Implementation Steps
1. Configuration and Dependency Updates
The initial phase of implementing OpenAI Deep Research API support involves crucial configuration and dependency updates. This stage lays the groundwork for a seamless integration process, ensuring that all necessary components are in place and compatible. The updates include refining the project's dependencies, incorporating new models and their pricing, and enhancing documentation to reflect the added capabilities. These foundational steps are critical for the subsequent stages of implementation, setting the stage for the successful integration of OpenAI's Deep Research models into the yellhorn-mcp
ecosystem. A well-prepared foundation is essential for the stability and performance of the integrated system. The meticulous attention to detail in this phase will minimize potential issues down the line, ensuring a smooth transition to the new API and model functionalities.
-
[ ] Update
pyproject.toml
:- Upgrade the
openai
dependency to the latest version to ensure support for the Responses API and its features. Based on recent documentation, a version greater than1.23.6
is required.# pyproject.toml [project] #... dependencies = [ "mcp[cli]~=1.10.1", "google-genai~=1.24.0", "aiohttp~=3.12.13", "pydantic~=2.11.7", "openai~=1.93.0", # Update to a version that fully supports the Responses API "jedi~=0.19.2", ] #...
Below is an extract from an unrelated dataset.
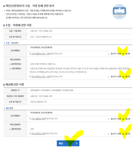 정보동의 단계에서는 개인(신용) 정보의 수집 이용에 관한 동의를 해주셔야 합니다. 화면에 보이는 항목들에 동의함으로 모두 체크한 후 확인 버튼을 눌러주세요.

To ensure seamless integration with the OpenAI Responses API and its advanced features, updating the
pyproject.toml
file is a critical first step. Specifically, theopenai
dependency must be upgraded to the latest version, as versions greater than1.23.6
are required to fully support the Responses API. This update ensures that the project can leverage the new API's capabilities, including the more complex, agentic tasks that the Deep Research models are designed to handle. Thepyproject.toml
file serves as the project's configuration hub, defining its dependencies and other settings. By updating theopenai
dependency within this file, we ensure that the project has access to the most recent functionalities and improvements offered by the OpenAI library. This proactive approach to dependency management is vital for maintaining the project's compatibility and performance, setting the stage for the successful implementation of the Deep Research models. - Upgrade the
-
[ ] Update
yellhorn_mcp/server.py
with new models and pricing:- Add
o3-deep-research
ando4-mini-deep-research
to theMODEL_PRICING
dictionary. Pricing foro3-deep-research
is reported as $10/1M input and $40/1M output tokens. Pricing for the mini version aligns witho4-mini
.# yellhorn_mcp/server.py MODEL_PRICING = { # ... existing Gemini models "gemini-2.5-flash-preview-05-20": { ... }, # ... existing OpenAI models "gpt-4o": { ... }, "gpt-4o-mini": { ... }, "o4-mini": { ... }, "o3": { ... }, # Add new Deep Research Models "o3-deep-research": { "input": {"default": 10.00}, "output": {"default": 40.00}, }, "o4-mini-deep-research": { "input": {"default": 1.10}, # Same as o4-mini "output": {"default": 4.40}, # Same as o4-mini }, }
To accurately reflect the integration of OpenAI's Deep Research models, the
yellhorn_mcp/server.py
file must be updated to include these new models and their corresponding pricing information. Specifically, theo3-deep-research
ando4-mini-deep-research
models need to be added to theMODEL_PRICING
dictionary. This dictionary serves as a central repository for model pricing data, which is crucial for cost estimation and resource management within theyellhorn-mcp
system. The pricing foro3-deep-research
is reported as $10 per 1 million input tokens and $40 per 1 million output tokens, while the pricing for theo4-mini-deep-research
model aligns with that of theo4-mini
model. By meticulously adding these models and their pricing details, we ensure that the system is aware of these new capabilities and can accurately track their usage and associated costs. This update is essential for maintaining transparency and control over resource allocation, allowing users to effectively leverage the Deep Research models while remaining mindful of budgetary considerations. - Add
-
[ ] Update
yellhorn_mcp/cli.py
:- Add the new Deep Research models to the
--model
argument's help text to make them discoverable.# yellhorn_mcp/cli.py parser.add_argument( "--model", dest="model", default=os.getenv("YELLHORN_MCP_MODEL", "gemini-2.5-pro-preview-05-06"), help="Model to use (e.g., gemini-2.5-pro-preview-05-06, gpt-4o, o3, " "o3-deep-research, o4-mini-deep-research). Default: ...", )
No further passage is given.